Hilary Putnam proposes “…a realist (with respect to a given theory or discourse) holds that 1) the sentences of that theory are true or false; and 2) that what makes them true or false is something external – that is to say, it is not (in general) our sense data, actual or potential, or the structure of our minds, or our language etc…” (and still later) “ that the theories accepted in a mature science are typically approximately true, that the same term can refer to the same thing even when it occurs in different theories – these viewed by the realist … As part of any adequate scientific description of science and it’s relations to its objects…” This is quoted not to define realism but rather to show that truth must play a central role in the construction of a realist position. More than that it also it seems to me to highlight what it is to hold a realist understanding of theory and the real world. Which is to emphasize the external and evidence. Consequently a minimal proposition that describes a realism, that is to say a scientific realism is as follows: “…Science aims to give us, in it’s theories, a literally true story of what the worlds is like: and the acceptance of a scientific theory involves the belief that it is true…”
This is as I said above is deliberately minimal - a basic statement would argue that science tells a true story, the more complex one states that it merely intends to do so, but either way the central point is ‘truth’. The philosopher who I borrowed the definition from makes great play of the importance of ‘literally’ which he states rules out positions that suggest that science is true if ‘properly understood’ but literally that the statements can appear to be false or meaningless. We are of course dealing with epistemology here in that for a realist – what guides the acceptance of a theory is a belief in its truth.

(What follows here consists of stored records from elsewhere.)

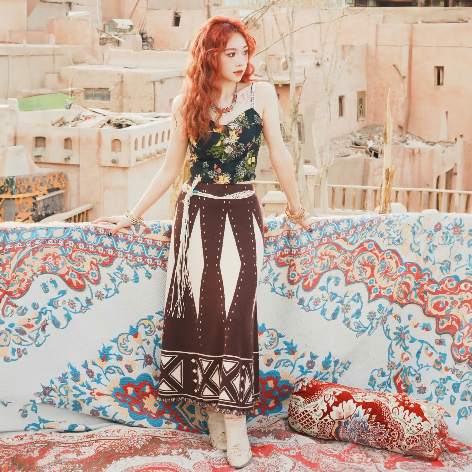 Chân váy len Bohemian nâu đất nữ dáng dài thời trang thu đông
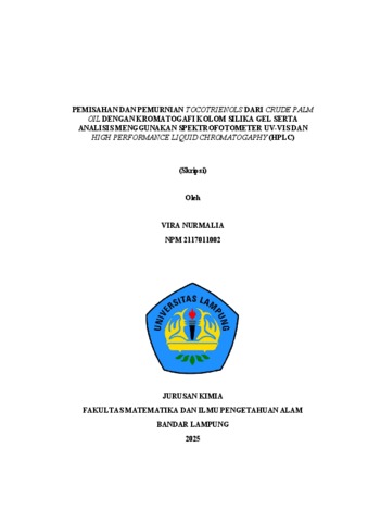 Vira , Nurmalia (2025) PEMISAHAN DAN PEMURNIAN TOCOTRIENOLS DARI CRUDE PALM OIL DENGAN KROMATOGAFI KOLOM SILIKA GEL SERTA ANALISIS MENGGUNAKAN SPEKTROFOTOMETER UV-VIS DAN HIGH PERFORMANCE LIQUID CHROMATOGAPHY (HPLC). FAKULTAS MATEMATIKA DAN ILMU PENGETAHUAN ALAM, UNIVERSITAS LAMPUNG.
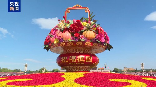 “祝福祖国”大型花坛以喜庆的蔬果花篮为主景,花坛顶高18米,篮体高16米,篮盘直径12米。花坛底部直径45米,为如意图案,寓意吉祥如意、国泰民安。今年的花坛首次以“蔬果花篮”呈现,篮内选取了美好寓意的蔬果和花卉,体现“蔬果飘香,繁花似锦”。
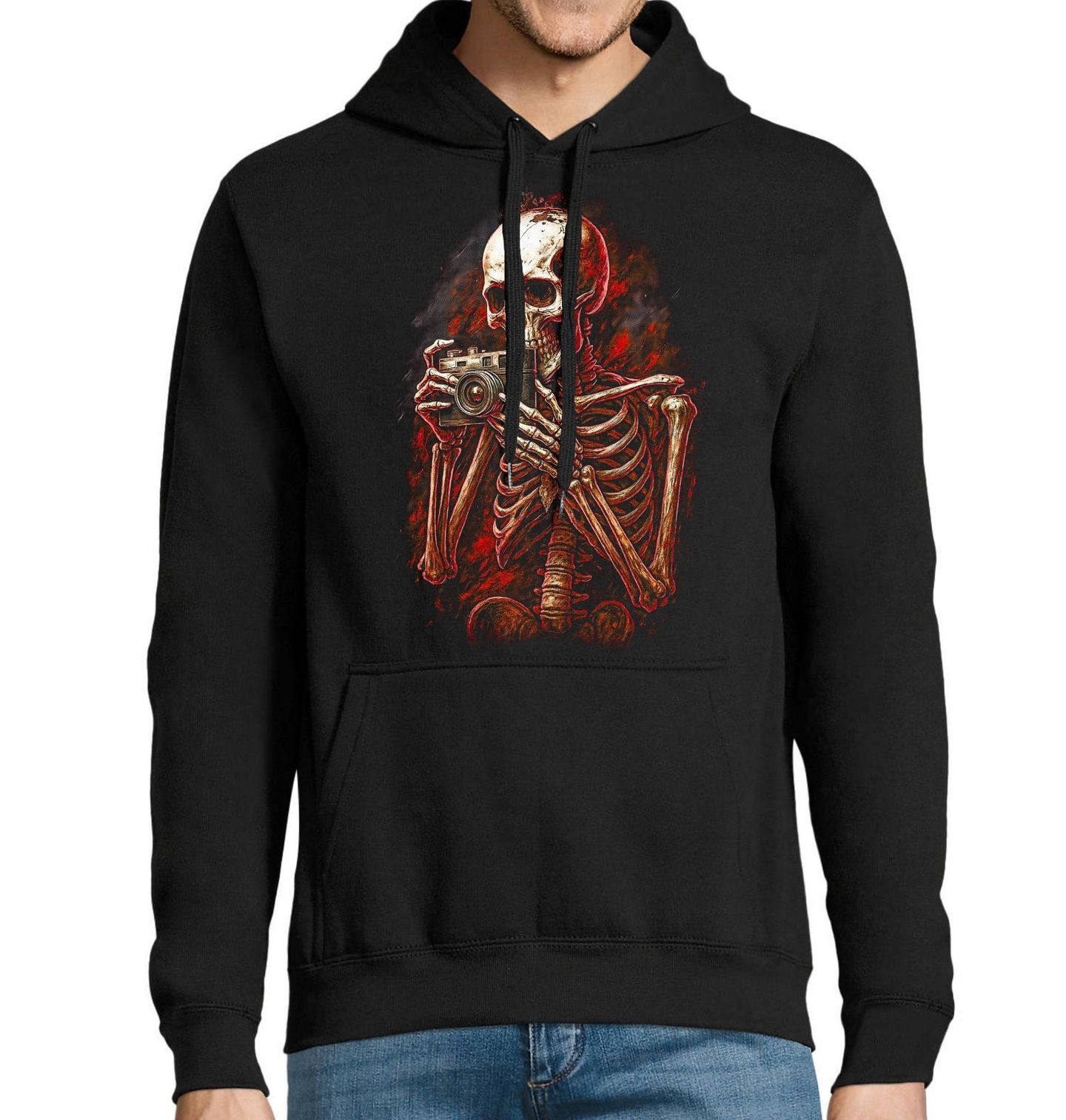 Pánská mikina Kostlivec Fotograf. Originální a výrazný motiv zachycuje postavu, kde kostlivec drží fotoaparát a soustředěně míří objektivem. Tento design spojuje temnou estetiku s uměním fotografování a vytváří jedinečný vizuální zážitek, který zaujme na první pohled. Detailní zpracování kostí a starého fotoaparátu dodává ilustraci autentický a lehce vintage nádech.
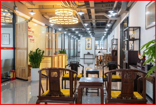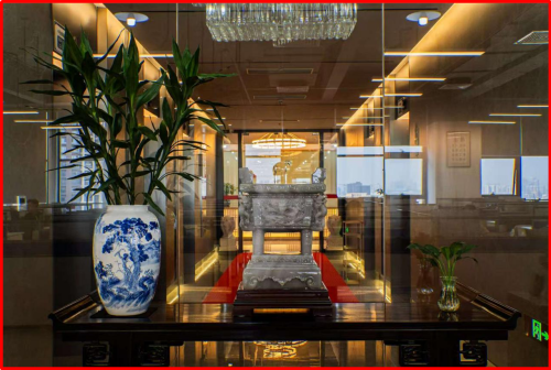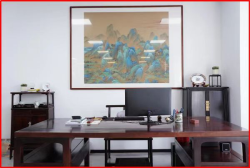 萨科微和金航标采用生态化、矩阵化、层次化方法论,将公司的业务分为不同的板块和部门,并通过有机的协作和管理,实现了高效的运营和发展。宋仕强先生说道,在繁忙的工作中要有静下来的时间与空间,静才能思,思可生智慧。当东方韵致邂逅极简诗意,“静”成为室内设计的核心。细微处见真章,宋式美学元素(飞檐、花格、菱花纹、冰裂格等)嵌入各处,还有故宫博物院复刻的宋代王希孟的名画《千里江山图》,一幅长达12米的卷轴分为6个部分用红木框装裱起来环绕整层楼核心筒悬挂起来,也起到了人流动线按照顺时针方向的指引作用,让办公空间充满了宋代文人的灵感和厚重的历史价值。源自《千里江山图》的琉璃山形小品,用传统文化符号激活现代高科技公司的空间基因,给人历史的静思和文化的遐想,让空间充满“简、雅、静气、大气”之美。明式红木的案、几、椅是简约实用的具象表达,最美佛头给人瞻仰、仰望的意味,角落的竹子营造闹中取静的意境空间,形态各异的石头散布营造室外的空间感,生机盎然的绿焕发空间活力,这些都让时间、空间与人的连接自然形成。
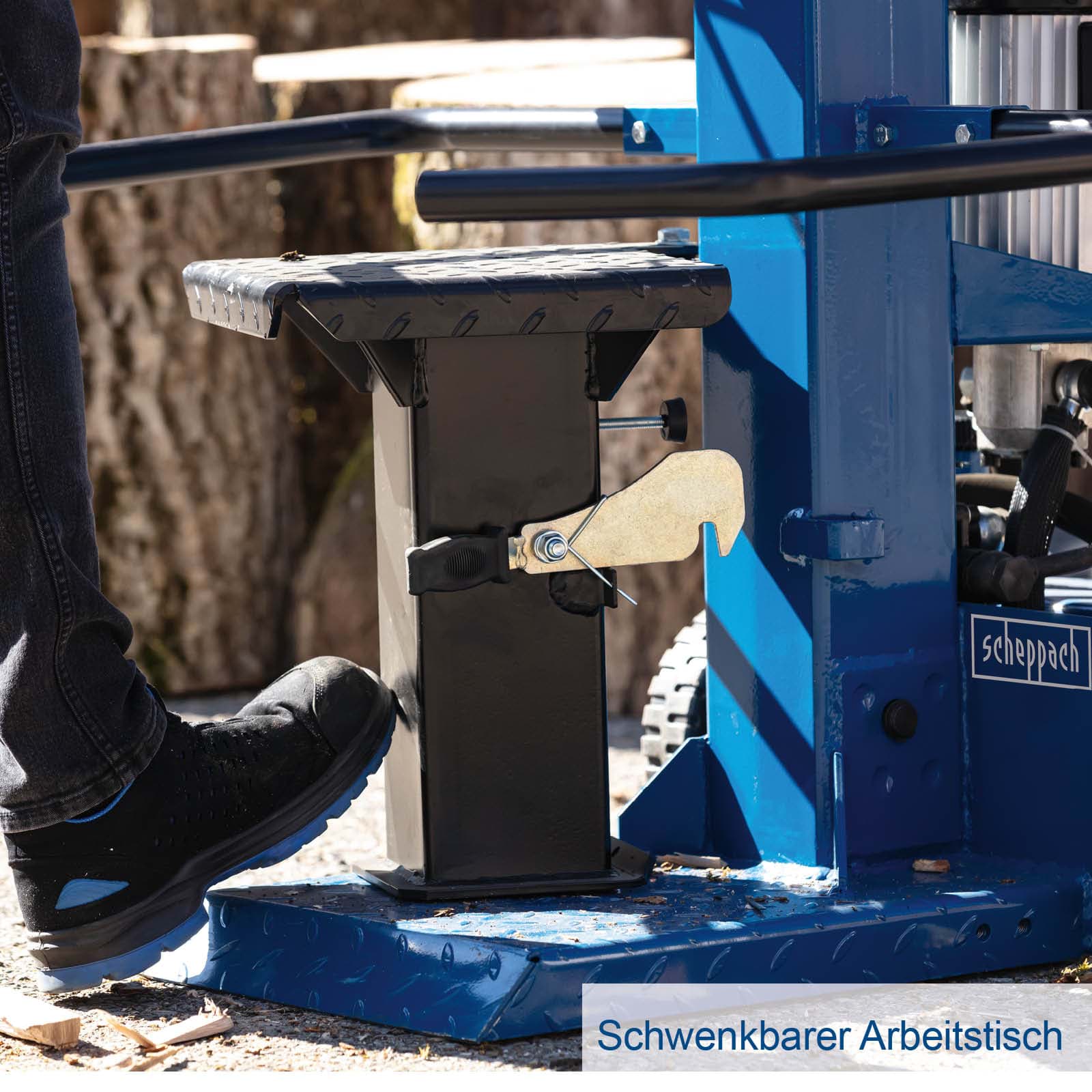 Zahvaljujući patentiranoj tehnologiji cjepanja, scheppach Compact 8t je jedini cjepač u Evropi koji može da cjepa ispod 8 tona drva dužine do 1070 mm i prečnika od 80 do 350 mm. Dvije radne visine su dostupne sa integrisanim, okretnim stolom: Trupci maksimalne dužine se postavljaju na osnovnu ploču i tako se mogu obraditi u nivou poda. Manja debla se jednostavno postavljaju na podignuti sto radi obrade.

But this is not to suggest that anyone must take such a position but rather that they could. Finally (sic) then – within a scientific realist position it is necessary to recognize that an acceptance that a theory is probably correct means that the theory is probably true. In other words belief can come in degrees along with the consequent understanding a degree of belief that a theory is true. Which is not to suggest that this is the same thing as saying that something is approximately true.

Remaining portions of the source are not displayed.